There are movies that teach, like ‘3 Idiots’. There are movies that make a call for action, like ‘Rang De Basanti’. There are movies that show the so-called reality, like ‘Chakravyuh’. And then there’s ‘Rajdhani Express’, a movie that does all of that without getting all loud-and-shouty about it.

 

Crisp editing, strong compelling shots and an intriguing narrative have you gripped right from the start as the story follows a loosely non-linear timeline, with flashbacks of the past and memories of the protagonist Keshav, played by tennis ace Leander Paes, woven in seamlessly.

 

The story is simply what happens when four people, from different backgrounds and walks of life, share a first class compartment in the Rajdhani Express, traveling from Delhi to Mumbai.

 

Much of the movie features just these four characters and is perhaps a subtle indication of the interaction between the classes in India. Strong dialogues and a neat background score help the movie move along at a steady and convenient pace, while the lack of distractions like unnecessary songs or meaningless sub-plots help keep it on track.

 

There are, of course, flaws too. Some of the actresses are unconvincing and there are times when the explanations given to create a situation aren’t perfectly in tune with the world of logic. The plot-line, furthermore, seems to move along in a vaguely random manner.

 

There’s no explicit call for action, no cry for justice or demand for change made, but as the final credits roll, there is a strangely stirring urge to change our entire system and care about what’s happening in India today.

 

Existentialism rarely translates to a good Bollywood movie, but this is one rare exception.
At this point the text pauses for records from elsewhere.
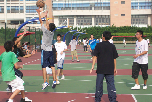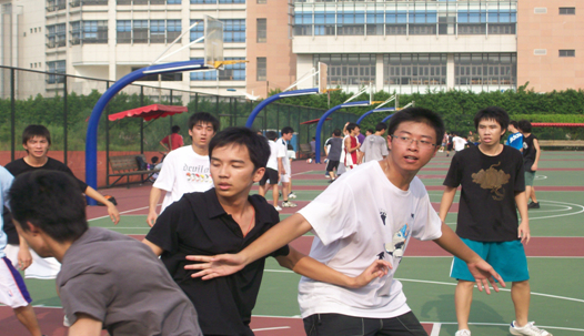 9月7日下午4点钟,06级行政管理1班和07级行政管理1班的篮球友谊赛于南校区篮球场上拉开了序幕。本次比赛是06级行政管理1班为了迎接师弟师妹的到来,特地为他们准备的第一份礼物。尽管烈日当空,但同学们的热情与激情却没有因此而减退,场上篮球队员们的巧妙配合,不时赢得场下啦啦队的阵阵欢呼声。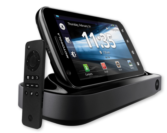 Motorola ATRIX MB861: Es un smartphone Android con procesador NVIDIA Tegra 2 de doble núcleo. Posee una pantalla qHD de 4 pulgadas, cámara de 5 megapixels con captura de video HD, Wi-Fi, GPS, 1GB de RAM y una enorme batería de 1930mAh. El Atrix corre Android 2.3.6 Froyo con la interfaz de usuario MotoBlur. El celular Motorola Atrix está categorizado como celular Multimedia, cuatribanda, 3G, Flash LED, GPS, Wi-Fi, Bluetooth, VIDEO HD, Puerto Mini HDMI, Reproductor MP3/MP4, memoria Interna de 16 GB y memoria hasta 32GB Micro SD. Adicionalmente de regalo viene una base multimedia con un puerto mini HDMI, para conexión con pantallas externas de alta definición, tres puertos USB para conexión de periféricos: Teclado, Mouse, Etc., un puerto de Salida de audio de 3.5mm, un control remoto y una batería adicional.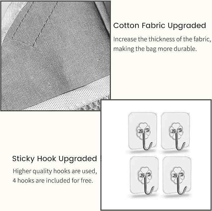 - 【Upgraded Material】We had upgraded the Cotton Linen Fabric and sticky hook quality, making the wall storage bag more durable to hang. Its inner with waterproof type coating, hanging pockets can be used to store items in the bathroom.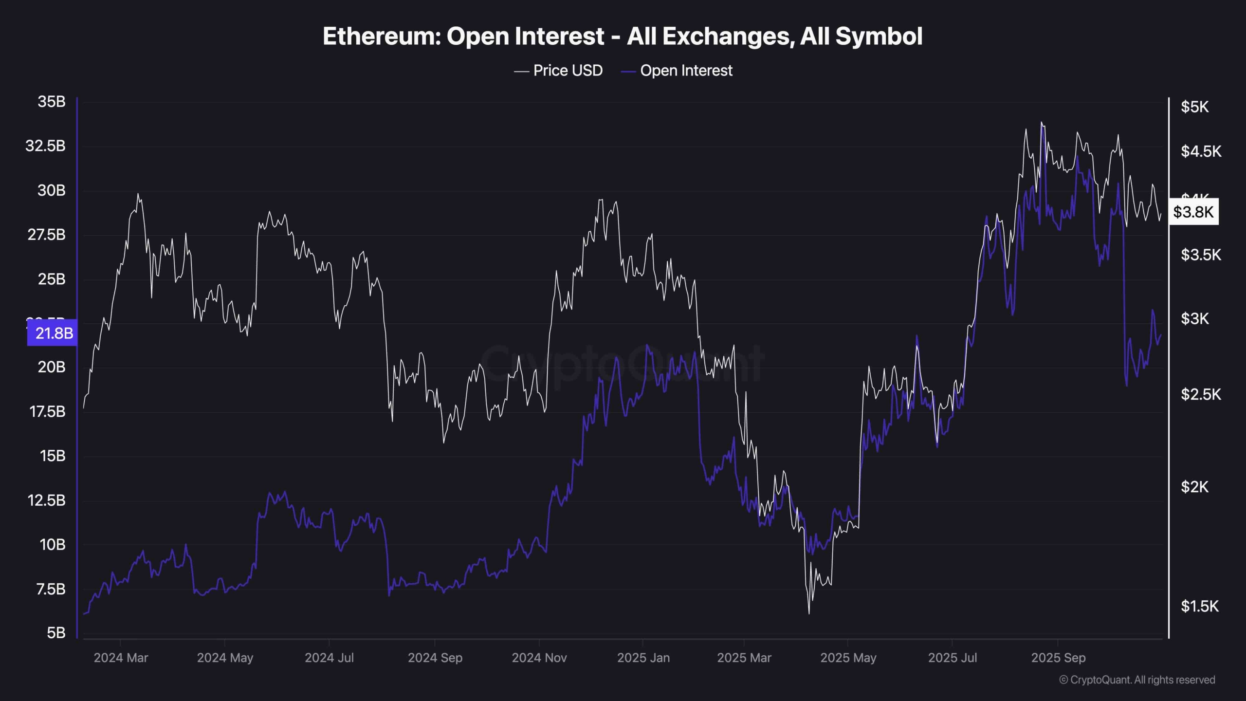 Open Interest on Ethereum has seen a significant reset, falling sharply from over $32 billion down to around $22.8 billion. This drop reflects a broad deleveraging across the market, likely triggered by a combination of stop hunts, liquidations, and risk-off behavior from traders. The rapid flush of open positions suggests that many overexposed longs were forced out, especially after ETH’s rejection from the $4,200 resistance area.
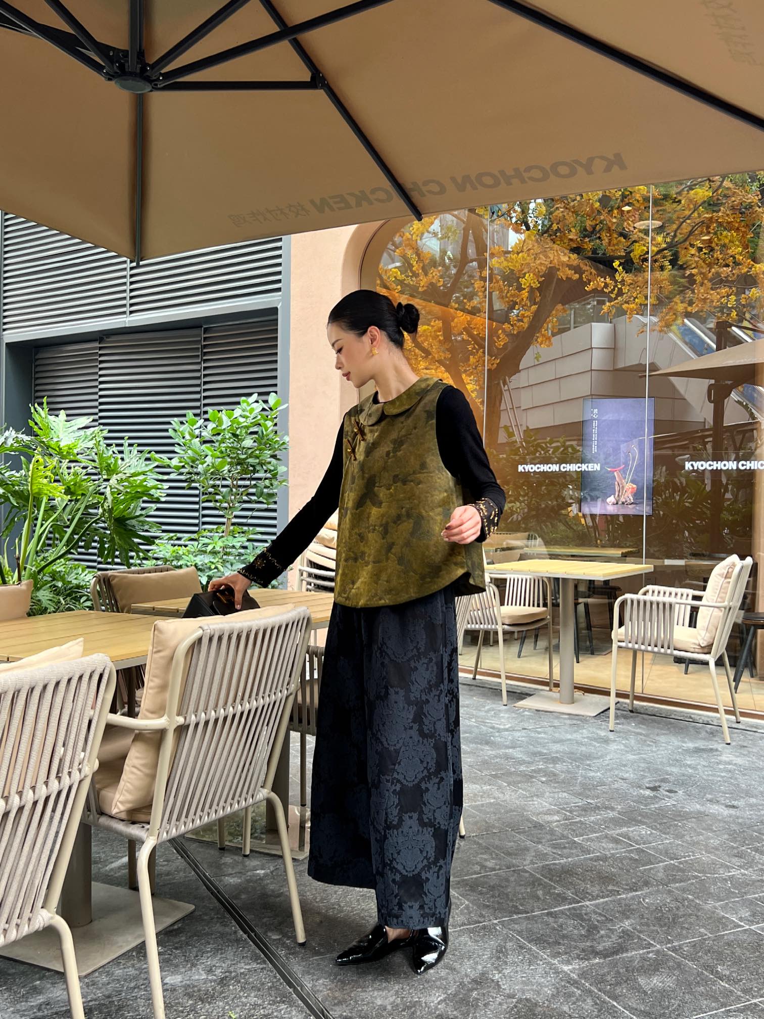 Complete your wardrobe with our exclusive silk blend vest and wide-leg pants, designed to add a touch of luxury and style to any occasion.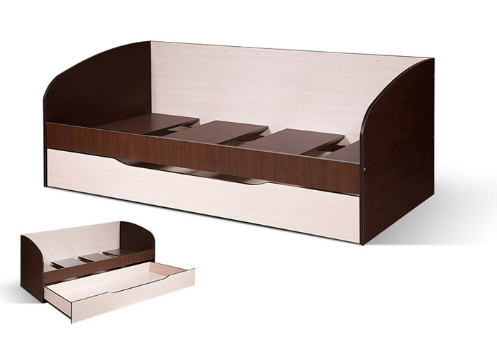 Кровать-тахта ― это прекрасное решение для комнаты: благодаря наличию мягкой спинки, ее можно использовать в качестве дивана, а выдвижной ящик может служить дополнительным спальным местом. Незначительная высота спальных мест и отсутствие острых углов - это комфорт и безопасность.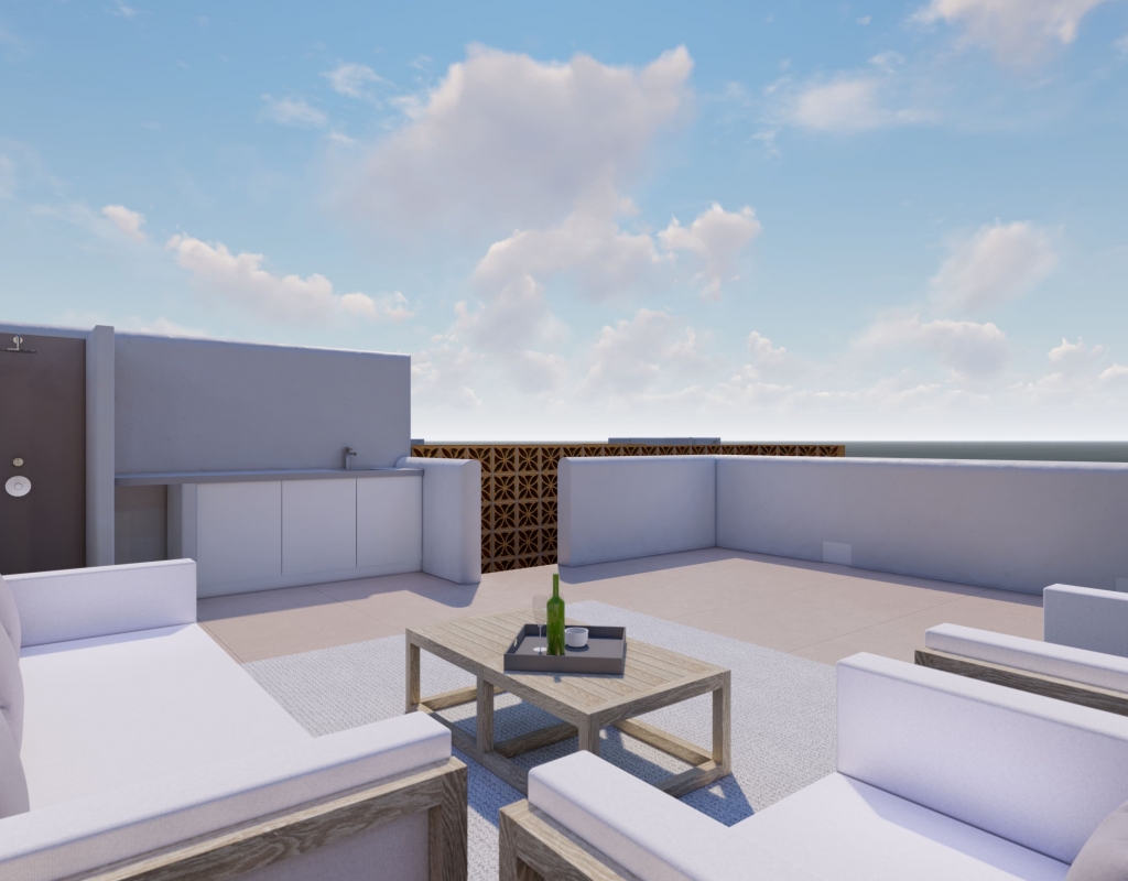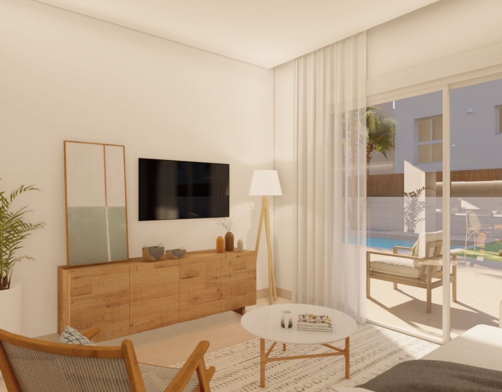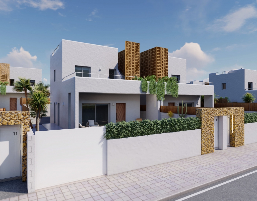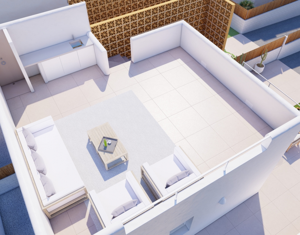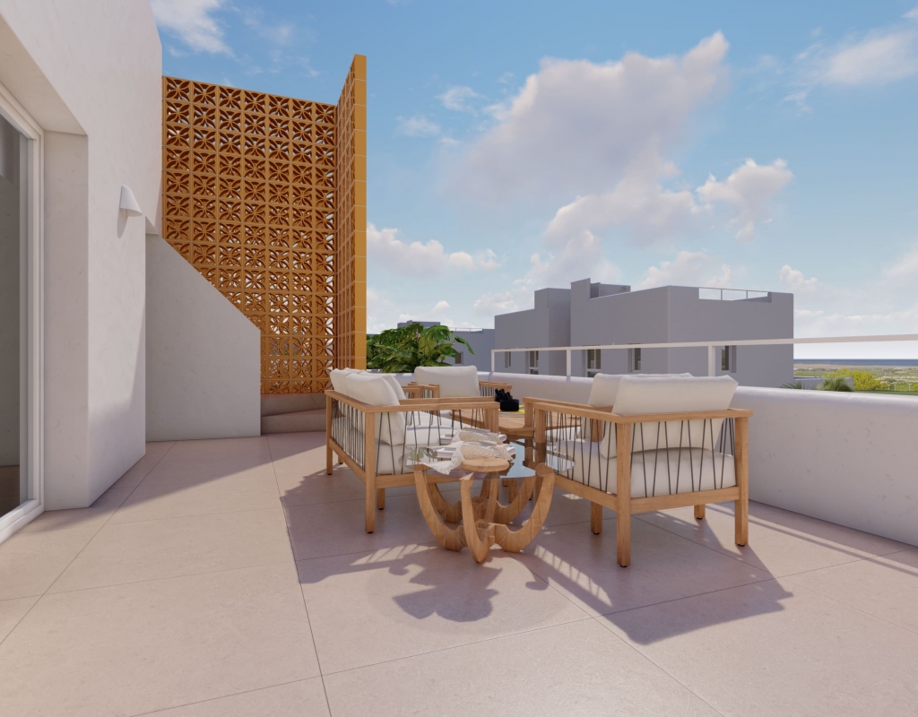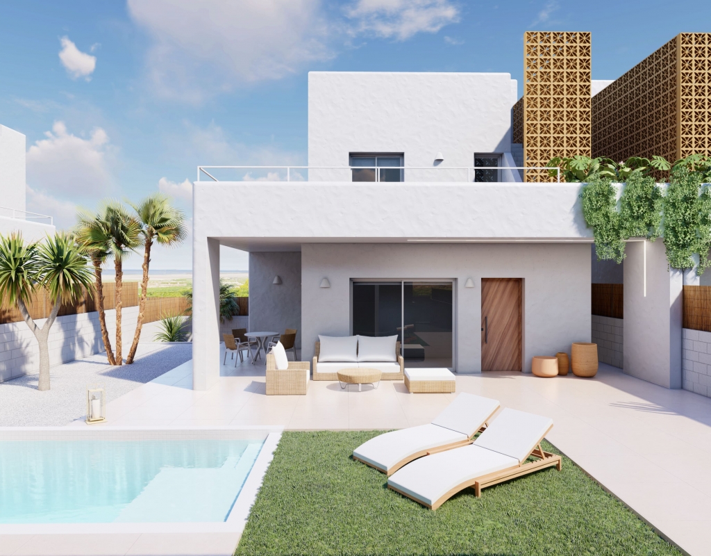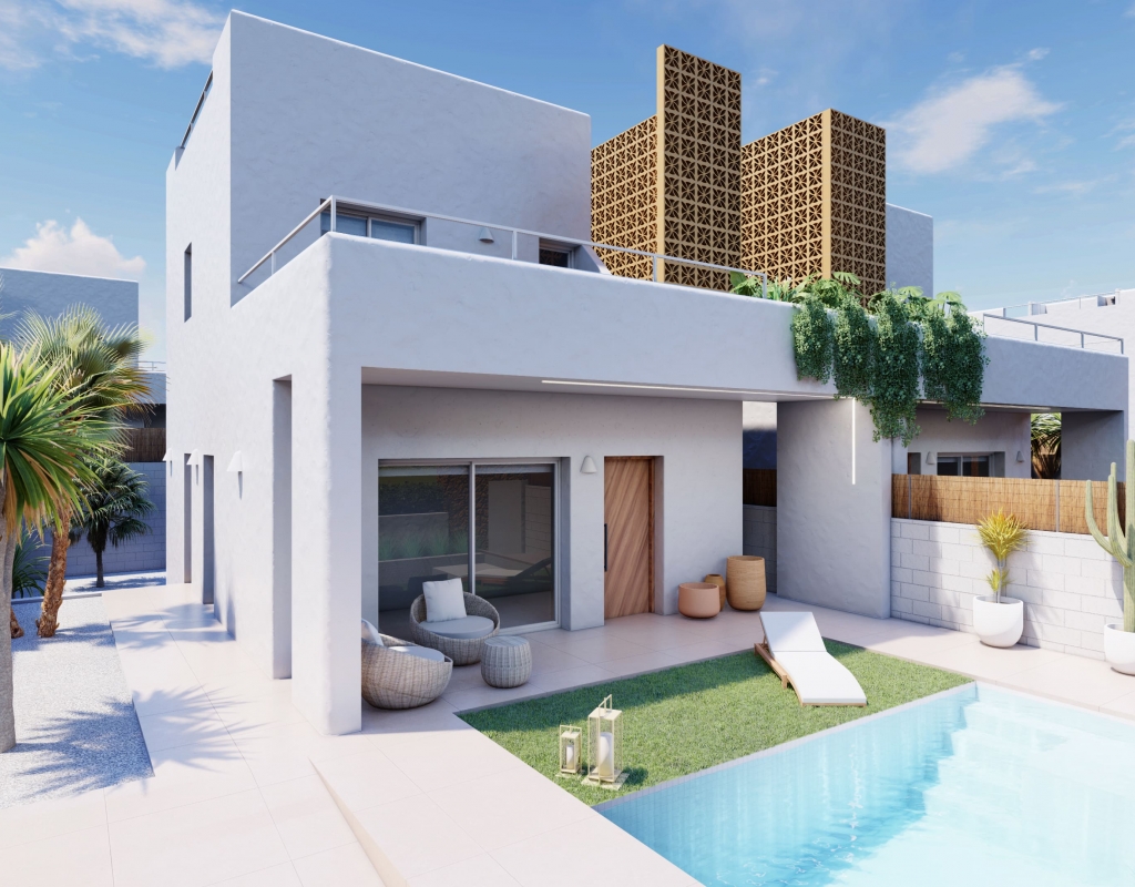 Los exteriores de estas viviendas han sido diseñados para maximizar el disfrute del clima mediterráneo. Cada chalet cuenta con un jardín privado, perfecto para crear un espacio verde personal o para disfrutar de actividades al aire libre. La presencia de una piscina privada en cada propiedad añade un toque de lujo y exclusividad, permitiendo a los residentes refrescarse y relajarse en la comodidad de su hogar. Además, las terrazas ofrecen un espacio adicional para el ocio, ya sea para cenar al aire libre o simplemente para disfrutar del sol. El solárium es otro de los atractivos destacados, proporcionando un espacio elevado desde el cual se pueden apreciar las vistas del entorno y disfrutar de momentos de tranquilidad.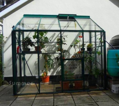 POWDER COATED ALUMINIUM: The powder coated finish is more attractive than the stark silver finish aluminium greenhouses. The tough finish also has excellent weathering properties and retains its gloss and colour superbly. A good example of powder coating is the finish on your washing machine. Powder coated aluminium greenhouses have a similar finish.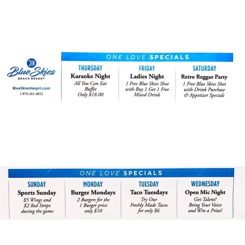 Blue Skies is the former Mariposa, and here are the current daily specials.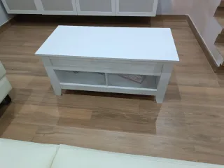 Mesa de centro con diseño moderno y funcional. - Tapa elevable para mayor comodidad. - Acabado en madera y blanco.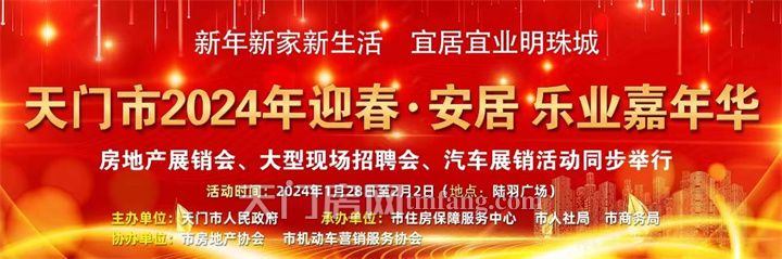 1月19日,由市政府主办,市住房保障服务中心、市人社局、市商务局承办,市房地产协会、市机动车营销服务协会协办的天门市2024年“迎春·安居乐业嘉年华”活动将于1月28日至2024年2月2日在陆羽广场举办。

It helps that the story seems to go nowhere in particular and it isn’t a suspense thriller.

 

And perhaps it’s the unapologetic nature of the script and the characters or perhaps it’s the way a subconscious message is delivered without someone screaming it in your face, but ‘Rajdhani Express’ works because it makes you reflect and think without really asking you to do so.

 

If you like to reflect and want to watch a refreshingly thought-provoking movie, go watch it.